**INSTRUCTIONS TO FOLLOW:**
Write out the data exactly as given, dropping every picture.

**DATASET EXCERPTS:**
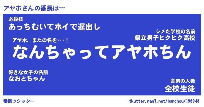 | 肩書あだ名 | 『アヤホ店長』『アヤホ総理大臣』 |
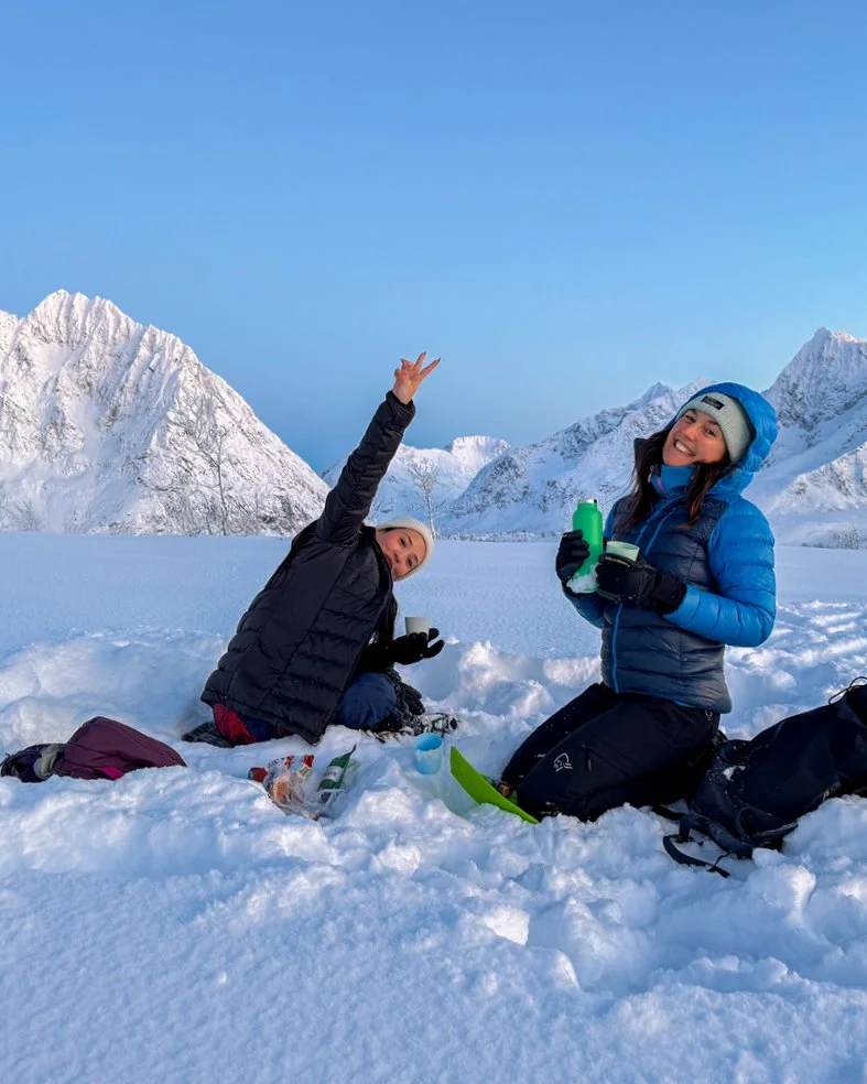 Possible activities include: snow games, sled races, building a snow camp with a fire, cooking over an open fire, fjord swimming for the brave, warming up in a traditional lavvo tent, dancing disco under the Northern Lights if they appear, exploring breathtaking landscapes, and slowing down to fully absorb the magic of the Arctic. And many other things!
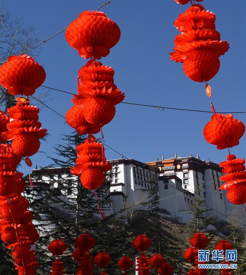 拉萨城内,大红灯笼高高挂起(2月2日摄)。随着农历猴年春节和藏历火猴新年即将到来,布达拉宫广场及拉萨街头装饰一新,充满节日喜庆气氛。 新华社记者 觉果 摄
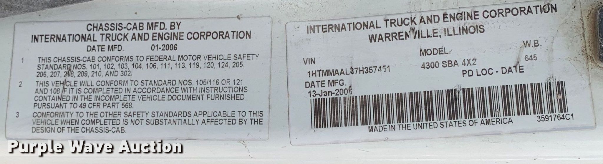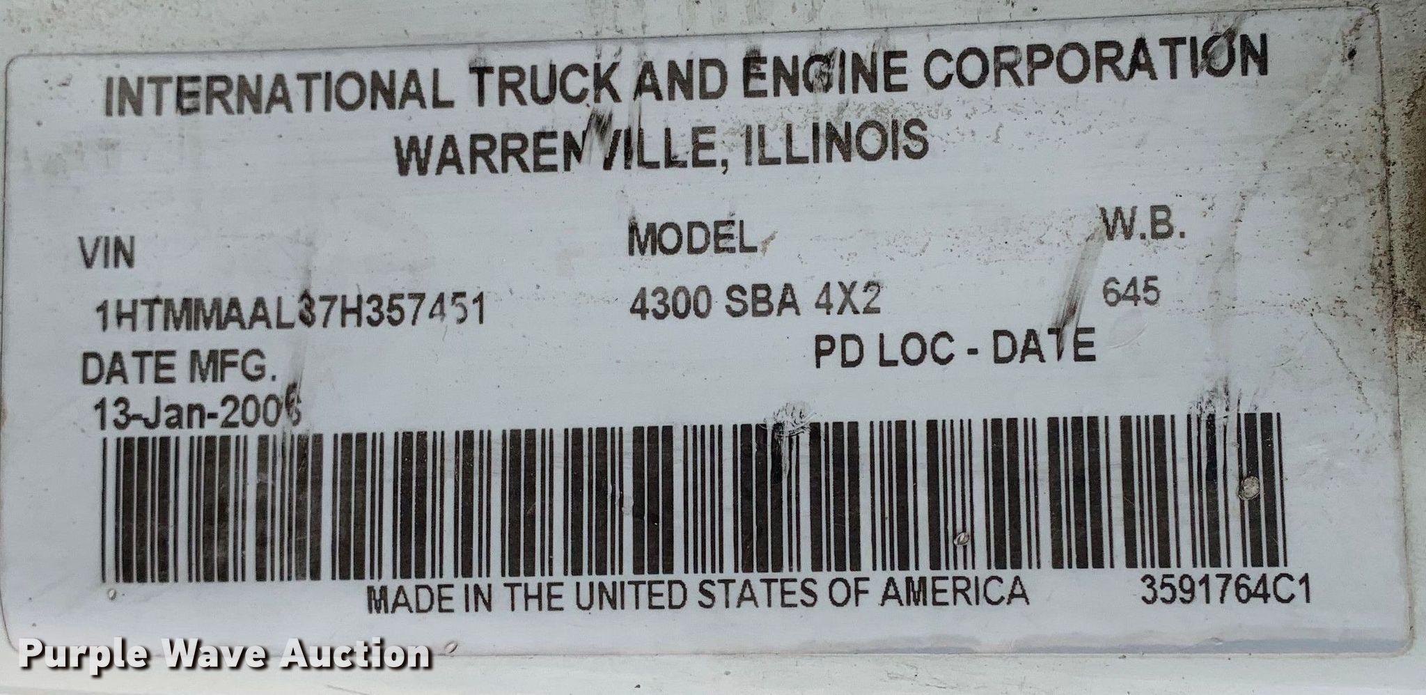 Purple Wave is selling a used Bucket Truck in Texas. This item is a 2007 International 4300 bucket truck with the following: Miles: 230,977 on odometer, Hours: 12,830 on meter, VIN: 1HTMMAAL37H357451
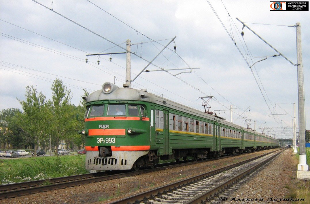 | Электропоезд ЭР2-993, перегон Лигово - Стрельна, Санкт-Петербург Автор: ALX aka Алексей Лаушкин | Фото сделано 14.VIII.2006, опубликовано 24.VIII.2007.
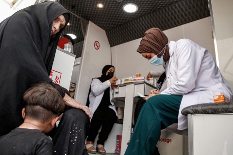 Raghda Ihsane, a pharmacist, listed the most common cases the team was treating: “Intestinal infections, dermatological diseases, skin rashes resulting from poor water quality, inflamed urinary tracts.”
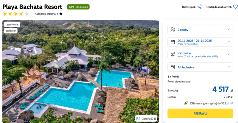 Misją Lastminuter.pl jest przedstawienie Ci najlepszych zdaniem naszej redakcji okazji na podróże. Opisujemy oferty znalezione przez nas w internecie i wskazujemy adresy internetowe, pod którymi samodzielnie możesz wykupić podróż lub elementy podróży. Ceny w artykułach są aktualne w chwili publikacji. Możemy otrzymywać wynagrodzenie od partnerów handlowych, do których Cię przekierowujemy. Nie ma to wpływu na cenę Twojej wycieczki. Powielanie publikacji zabronione.
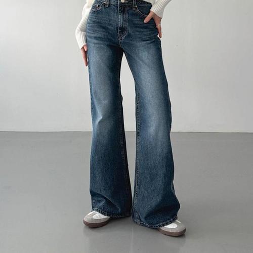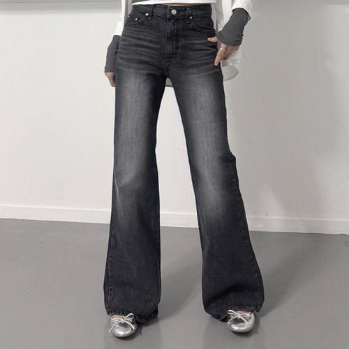 [신상오픈런]부츠컷 데님팬츠 논스판 워싱 여성 블랙진 나팔바지 (31645594)
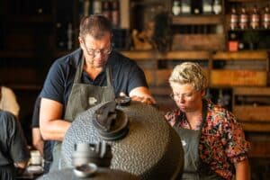 Per werkbank heb je de beschikking over een grote kamado waarin je zelf alles gaat bereiden, bij deze workshop werken we met The Bastard. Vaak gebruiken we extra BBQ’s in de workshopruimte om veel tegelijkertijd te doen. Heb je een ander merk of nog helemaal geen kamado? Geen probleem en je bent van harte welkom uiteraard! De technieken kan je zeker thuis ook toepassen.
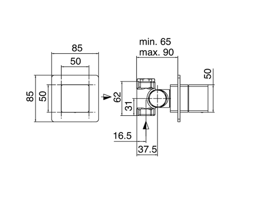 Rubinetto arresto marca Zazzeri modello Shower Unix G 3/4" completo vitone ceramico 90° finitura ottone cromato incasso parete rubinetto arredamento rubinetteria cromo arredo bagno garanzia 10 anni qualità made in italy

**EXPECTED ANSWER:**
 | 肩書あだ名 | 『アヤホ店長』『アヤホ総理大臣』 |
 Possible activities include: snow games, sled races, building a snow camp with a fire, cooking over an open fire, fjord swimming for the brave, warming up in a traditional lavvo tent, dancing disco under the Northern Lights if they appear, exploring breathtaking landscapes, and slowing down to fully absorb the magic of the Arctic. And many other things!
 拉萨城内,大红灯笼高高挂起(2月2日摄)。随着农历猴年春节和藏历火猴新年即将到来,布达拉宫广场及拉萨街头装饰一新,充满节日喜庆气氛。 新华社记者 觉果 摄
 Purple Wave is selling a used Bucket Truck in Texas. This item is a 2007 International 4300 bucket truck with the following: Miles: 230,977 on odometer, Hours: 12,830 on meter, VIN: 1HTMMAAL37H357451
 | Электропоезд ЭР2-993, перегон Лигово - Стрельна, Санкт-Петербург Автор: ALX aka Алексей Лаушкин | Фото сделано 14.VIII.2006, опубликовано 24.VIII.2007.
 Raghda Ihsane, a pharmacist, listed the most common cases the team was treating: “Intestinal infections, dermatological diseases, skin rashes resulting from poor water quality, inflamed urinary tracts.”
 Misją Lastminuter.pl jest przedstawienie Ci najlepszych zdaniem naszej redakcji okazji na podróże. Opisujemy oferty znalezione przez nas w internecie i wskazujemy adresy internetowe, pod którymi samodzielnie możesz wykupić podróż lub elementy podróży. Ceny w artykułach są aktualne w chwili publikacji. Możemy otrzymywać wynagrodzenie od partnerów handlowych, do których Cię przekierowujemy. Nie ma to wpływu na cenę Twojej wycieczki. Powielanie publikacji zabronione.
 [신상오픈런]부츠컷 데님팬츠 논스판 워싱 여성 블랙진 나팔바지 (31645594)
 Per werkbank heb je de beschikking over een grote kamado waarin je zelf alles gaat bereiden, bij deze workshop werken we met The Bastard. Vaak gebruiken we extra BBQ’s in de workshopruimte om veel tegelijkertijd te doen. Heb je een ander merk of nog helemaal geen kamado? Geen probleem en je bent van harte welkom uiteraard! De technieken kan je zeker thuis ook toepassen.
 Rubinetto arresto marca Zazzeri modello Shower Unix G 3/4" completo vitone ceramico 90° finitura ottone cromato incasso parete rubinetto arredamento rubinetteria cromo arredo bagno garanzia 10 anni qualità made in italy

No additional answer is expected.